Chyten-Brennan and colleagues created a CP to identify TG patients (n=213) among people living with HIV through the Montefiore Health System in New York City from 1997 to 2017.23 Their CP contained: 1) ICD-9 or ICD-10 diagnosis codes; 2) gender-affirming medications; 3) key text-strings, and 4) gender identity variables (e.g., yes/no field for TG). After manual chart review to validate TG status, they were able to confirm 84% of patients (PPV). Only 13.5% were identified through ICD-9 or ICD-10 diagnosis codes alone, while 60% were found from multiple categories. They were not able to confirm the TG status of 22% of those found only through ICD-9 or ICD-10 diagnosis codes. However, they were able to accurately identify 15% of TG patients through HIV-funding related gender identity data, which is not found in other EHR-based algorithms. Without this data, they would have differentially misclassified a large portion of TG people, which would lead to biased estimates.

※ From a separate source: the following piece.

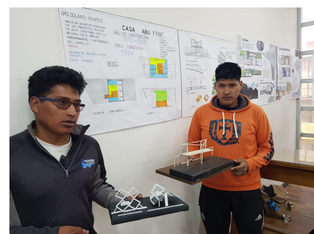
La obra reconstruida

EHR data was able to overcome the key limitation of validation for claims data by having access to conduct manual chart reviews, as well as self-reported gender identity when the data was collected and available. Similar to claim-based CPs, the strongest CPs in EHR data contained diagnosis codes accompanied by other information, which for EHR data was key text-strings relevant to TG status. If key text-strings were available, the PPV of the CP has the potential to be 100%.13 In terms of algorithm components to identify TG patients, Wolfe et. al and Alpert et. al were able to find the highest proportion of TG patients through diagnosis codes alone.21,22 However, Chyten-Brennan and colleagues were only able to identify 13.5% of TG patients through diagnosis codes, and Foer and colleagues found that key text-strings were able to identify almost 90% of patients.20,23 Additionally, Chyten-Brennan and colleagues access to self-reported gender identity data added a large amount of TG patients that would have otherwise been classified as cisgender through their medical records alone.